Salito agli onori col
nome di
Gaius Aurelius Valerius
Diocletianus,
questo generale della terra d’Illiria, percorsa dalla
linea di demarcazione tra le due partes imperialis
e continuamente sottoposta a ribellioni e relativi
sedaggi, il valente generale viene proclamato dalle
sue truppe imperatore a
Calcedonia (Kadikšy),
il 20 novembre 284 d.C., liberandosi in successione
del prefetto al pretorio Sempronio Apro dei giovani
imperatori augusti.
La
situazione estera appariva piuttosto grave, i Parti,
benché sconfitti da Aurelio Caro, che come Traiano
aveva raggiunto Ctesifonte, avevano ripreso tutti i
territori costringendo Numeriano alla ritirata. La
frontiera Occidentale invece era salda per una
questione economica. Le tribù barbare che premevano su
quest'asse erano calmate dal pagamento continuo di
tributi imperiali che andavano aumentando sempre di
più e che gradualmente stavano prosciugando l’Erarium.
Per
quanto riguarda la situazione interna questa appariva
decisamente più grave: i Bacaudae, contadini
galli organizzati in bande armate, erano in fermento
ormai da un ventennio e cercavano, come avverrà dopo
lo sfaldamento dell’Impero sotto la guida dei Franchi,
una formazione di un “Imperium Galliarum”

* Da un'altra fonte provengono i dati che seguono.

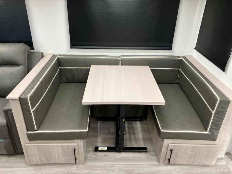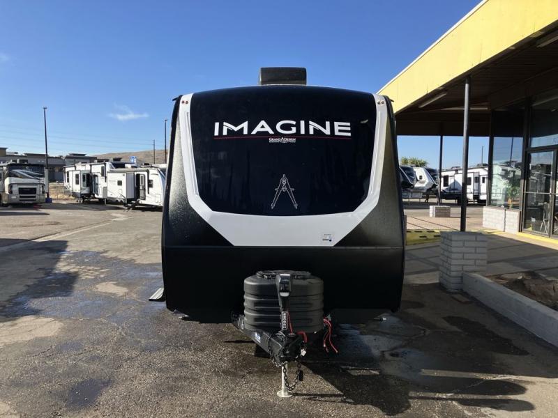 Just imagine leaving the world behind and secluding yourself away with your favorite people in your Grand Design Imagine travel trailer! The Imagine has been designed to enjoy camping and includes a high-capacity furnace, a heated and enclosed underbelly with suspended tanks, a designated heat duct to the subfloor, and a high-density roof insulation with attic vent. You'll have a large panoramic window to let natural lighting in and an adjustable Power Awning with LED Lights for those night gatherings. The exclusive drop-frame pass-through storage compartment is going to allow you to bring along lots of equipment, and the universal docking station is an all-in-one location for utilities and hook-ups. You'll also have oversized tank capacities so that you can fill and empty your tanks less often.

(Pan. Lat. V, 4, 2-3), mentre lungo le coste
atlantiche e in tutto il Mare del Nord dominava la
flotta del ribelle batavo-romano Carausio, che fece di
Bonomia (Boulogne-sur-mer) il suo porto per
vere e proprie scorrerie piratesche isolando di fatto
la Britannia (Pan. Lat. VIII, 12, 1); in
Oriente, ad Alessandria d’Egitto, le insofferenze
economiche andavano sfociarono in disordini e in una
sommossa cittadina che stava conducendo alla
sollevazione dell’intera provincia.
Diocleziano fu risoluto
nel sistemare ogni questione: vincendo gli antagonisti
orientali e riespandendo l’Impero: occupando il cuneo
Mesopotamico all’interno del Regno Partico, in questo
modo riuscì a far riprendere le esportazioni verso
l’Oriente, e per questo si sedarono automaticamente le
rivolte civili e militari, normalizzando così la
situazione e tranquillizzando i civites
dell’Impero. Prese spunto dall’idea di Aurelio Caro,
dividendo l’impero tra due Augusti, egli stesso e
Massimiano (Marcus Aurelius Valerius Maximianus),
un altro generale da lui nominato, in due parti:
Oriente ed Occidente e nominando come sottoposti due
Cesari, che avessero il compito di coadiuvarli:
Diocleziano nominò Caius Galerius Valerius
Maximianus (Galerio) in Oriente mentre Massimiano
scelse
Flavius Julius Valerius
Constantinus (Costanzo
Cloro).
L’Augusto inoltre rivide il sistema fiscale e quello
della lavorazione della terra in base al rapporto
terreno disponibile coloni presenti nell’area, ossia
“unità di superficie lavorabile da un
lavoratore-colono”. Poi si rivolse all’organizzazione
provinciale suddividendo l’impero in grandi unità
regionali piuttosto che in province. Queste “diocesi”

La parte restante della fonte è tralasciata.